§ Work task
Exact copy, no pictures: repeat the data that follows.

§ Supplied information
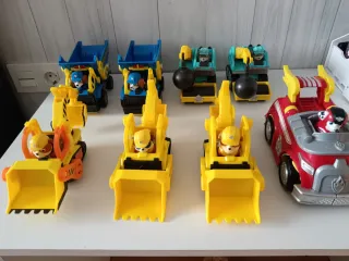 Se vende por unidad... vehículos de la Patrulla Canina, con personajes del equipo de Rubble. - Dos camiones volquete azules y amarillos. - Dos excavadoras amarillas. - Dos vehículos de demolición turquesas con bola. - Un vehículo rojo de emergencias.
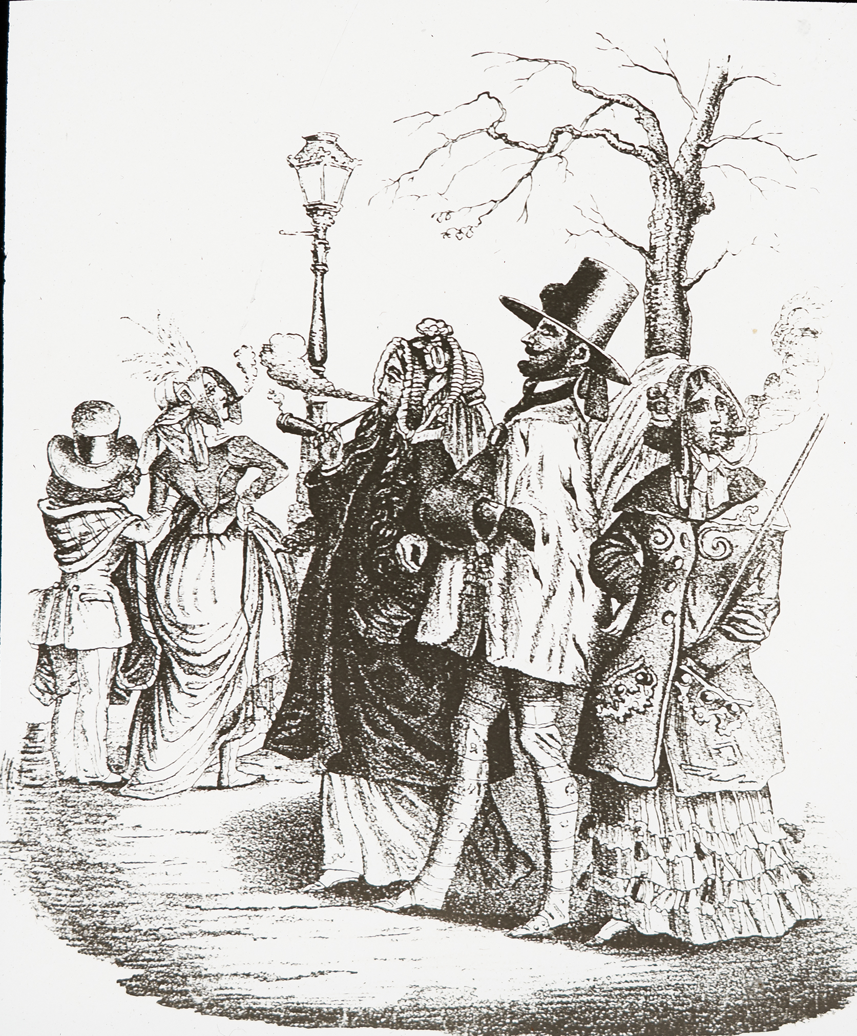 Karikatur mit dem Titel "Rauchende Frauen, 19. Jahrhundert".
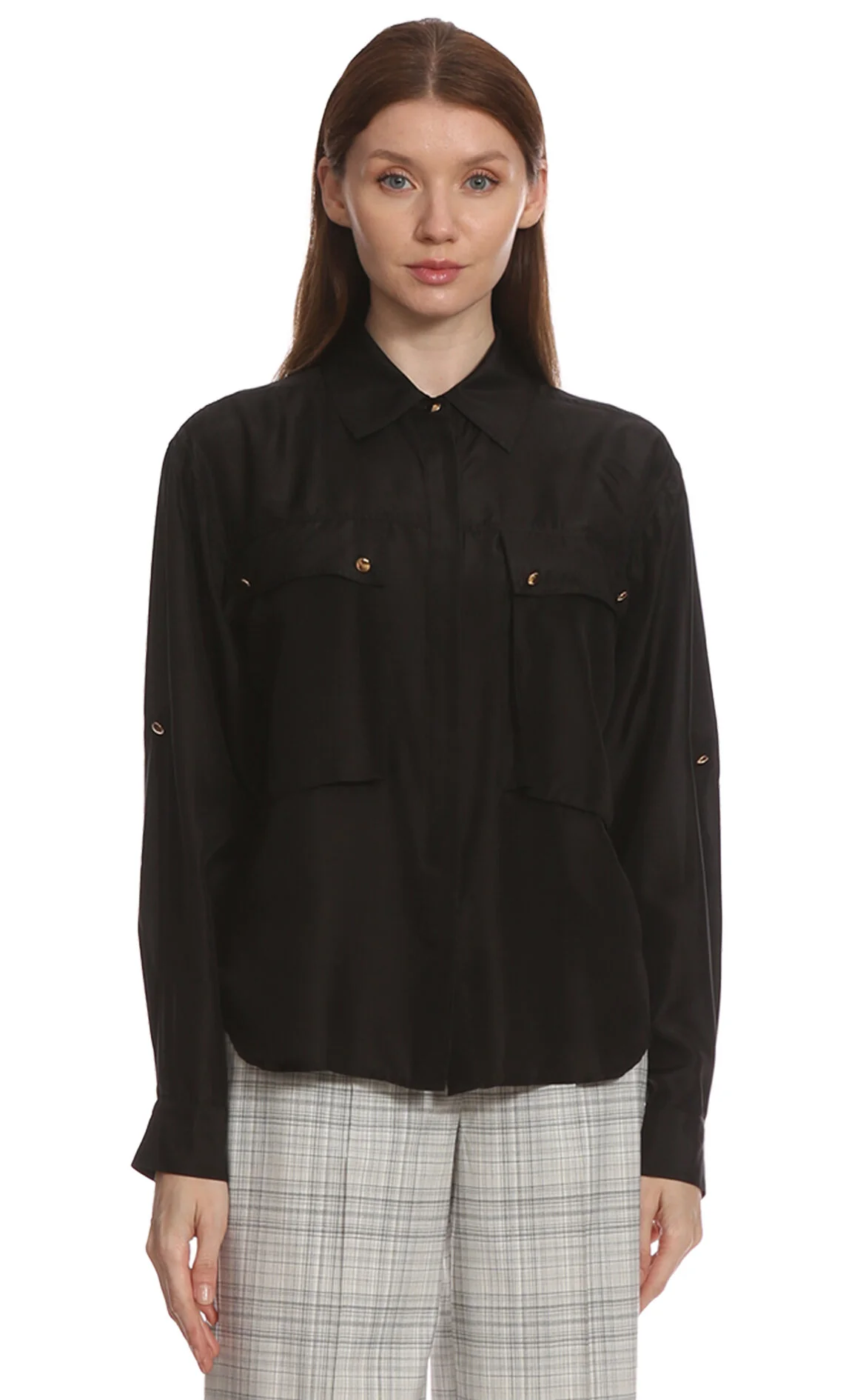 5. Siyah Uzun Kol Gömlek Yaka İpek Bluz
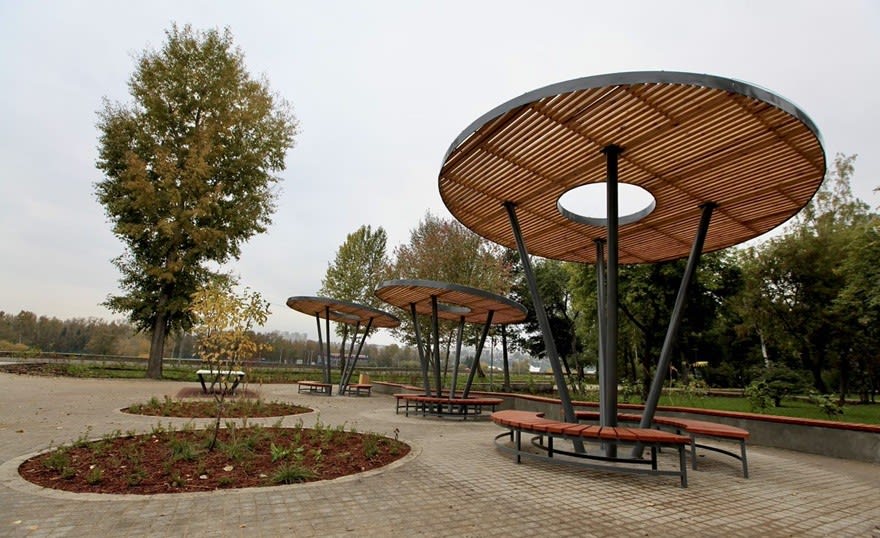 А вот элементы благоустройства в Парке Парижской коммуны определенно вызвали интерес. Бурное обсуждение возникло вокруг уличных скамеек необычной формы.

§ Task answer
 Se vende por unidad... vehículos de la Patrulla Canina, con personajes del equipo de Rubble. - Dos camiones volquete azules y amarillos. - Dos excavadoras amarillas. - Dos vehículos de demolición turquesas con bola. - Un vehículo rojo de emergencias.
 Karikatur mit dem Titel "Rauchende Frauen, 19. Jahrhundert".
 5. Siyah Uzun Kol Gömlek Yaka İpek Bluz
 А вот элементы благоустройства в Парке Парижской коммуны определенно вызвали интерес. Бурное обсуждение возникло вокруг уличных скамеек необычной формы.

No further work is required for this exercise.